CTSA K12 Program at The University of Texas Health Science Center at Houston: Project Summary /
Abstract
The COVID pandemic has dramatically highlighted the need for a well-trained and highly adaptable clinical and
translational science workforce; especially one that is capable of rapid design and deployment of clinical trials
and key capabilities that accelerate research translation. The University of Texas Health Science Center at
Houston (UTH-H), UT MD Anderson Cancer Center (MDACC) and their partner institutions across Texas, have
collective capabilities and relationships that allow us to meet these profound and diverse career development
needs. The K12 emphasizes T2-T4 science, and is based at McGovern Medical School and also serves our
Schools of Public Health, Biomedical informatics, Nursing, and Dentistry, MDACC, and our Partners: UT Rio
Grande Valley, UT Tyler and Texas Tech El Paso. We propose to fund 5 Scholars per year, with one slot at
MDACC and one at a Partner site. To maximize the number and achievements of investigators we train, we will
leverage CTSA funding to enhance our program, developing skilled C&T investigators in the Texas Medical
Center TMC) (9,200 beds; 10 million encounters per year) and the 3 diverse medical centers that comprise our
partners. Our Program includes: 1) the Clinical and Translational (C&T) Research Curriculum (11 required
courses/workshops, provided in-person or by video training to each institution); 2) MS Courses & Degree in Clinical
Research (optional for Scholars and tailored to an individualized career development plan; and 3) our central
focus: the Intensive Mentorship Program, that has been highly successful in helping prior KL2 and other mentees
secure major grants, publish in high impact journals, and become institutional and national academic leaders.
Special strengths include our Scholars' research success involving multidisciplinary teams and other CTSA hubs;
improving the delivery, safety, and effectiveness of healthcare for women, children, and disadvantaged patients
of any age; advancing research methods using n-of-1 trials, Bayesian methods, hybrid implementation
effectiveness designs and economic analyses; and showing reduced health system costs to secure clinical
reimbursements that sustain and expand improved approaches to health care.
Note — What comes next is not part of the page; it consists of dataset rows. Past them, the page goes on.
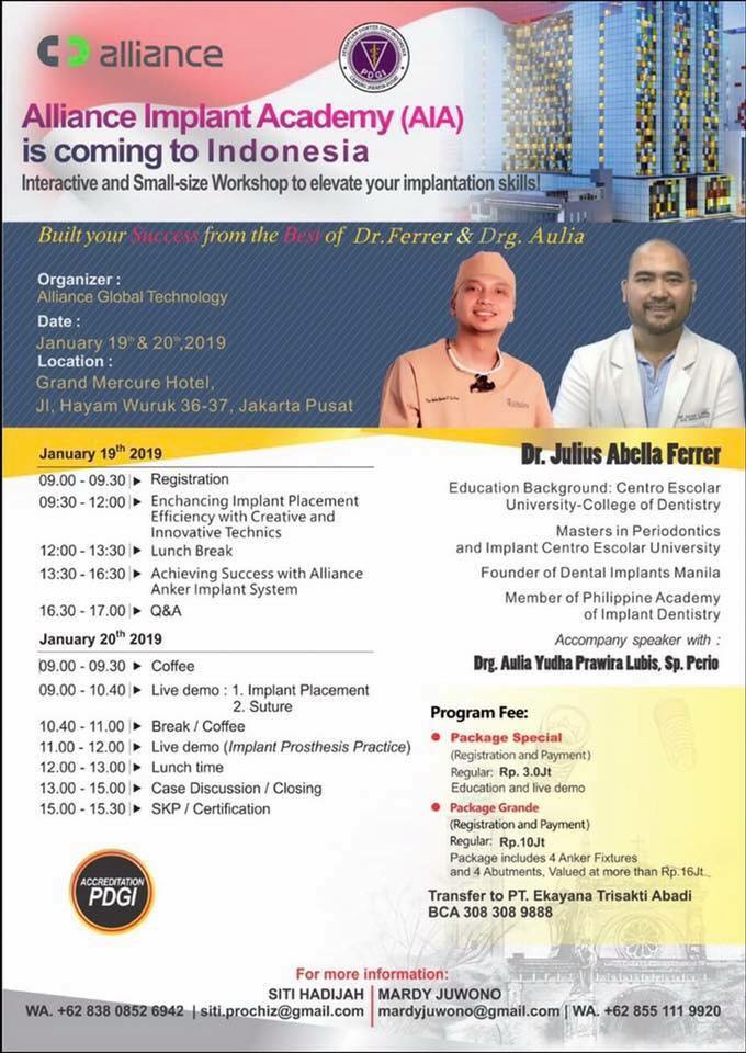 January 19-20, 2019 – First stop in Jakarta was the Global AIA (Alliance Implant Academy) Implant Training Workshop for Dentists. Dr. Ferrer was one of the trainer in the workshop. 15 practicing dentists and future dentists participating were eager not only to learn, but were also committed to use the Anker Implant System in their practice.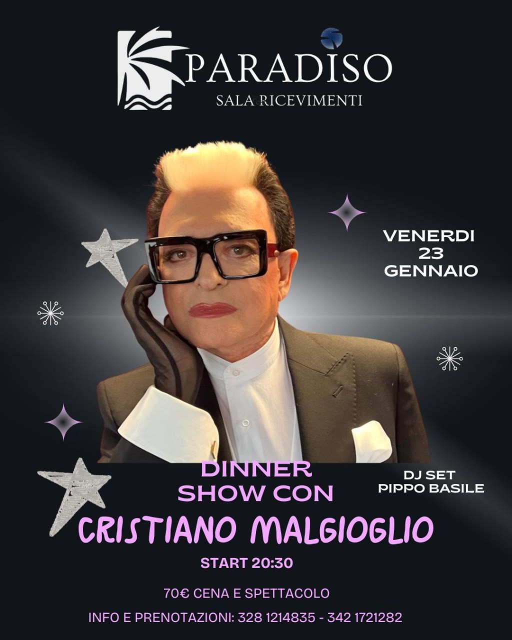 Al Paradiso porterà uno show che è molto più di una semplice esibizione: un incontro diretto con il pubblico, fatto di musica, parole, sorrisi e grande carisma. Al termine della performance di Malgioglio, la serata proseguirà con il DJ set di Pippo Basile, uno dei dj più apprezzati del territorio, che accompagnerà gli ospiti in un viaggio musicale tra anni ’80, ’90 e grandi successi italiani, trasformando il dinner show in una vera festa.
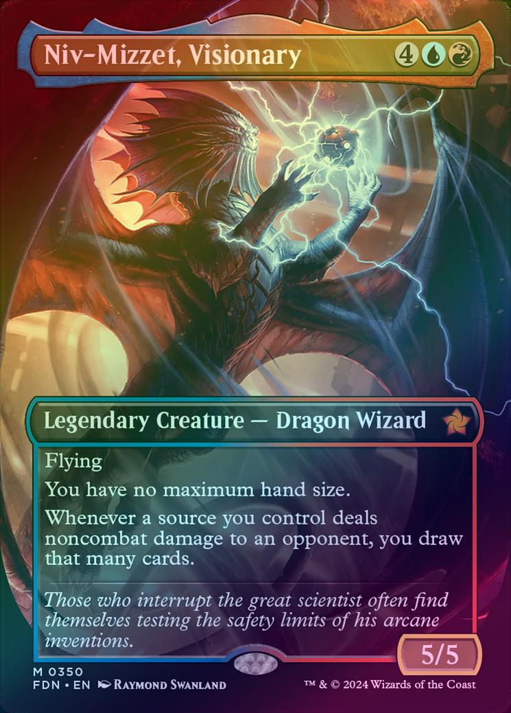 Niv-Mizzet, VisionaryCasting Cost: Card Type: Legendary Creature - Dragon WizardPower/Toughness: 5/5Card Text: Flying You have no maximum hand size. Whenever a source you control deals noncombat damage to an opponent, you draw that many cards.Flavour Text: Those who interrupt the great scientist often find themselves testing the safety limits of his arcane inventions.Artist: Raymond Swanland

Next cycle innovations will
augment these strengths, specifically train the NCATS-identified translational science competencies, and
promote learning health care (LHC) through an expanded LHC consultation service emphasizing comparative
effectiveness and dissemination/implementation, studies, a continuous community engagement program, and
IRB leadership to facilitate and advance exemplary comparative effectiveness research, trials of emergency
therapies, and implementation/de-implementation research. These and other Core features will promote the
career development of Scholars within a LHC system to most rapidly advance clinical care and the health of
diverse populations. Integration with the UM1, the T32s and the R25 is strong. With these innovations and our
track record, infrastructure, and institutional support, CTSA funding will predictably produce a large return by
developing innovative, collaborative, rigorous, and productive leaders in C&T science.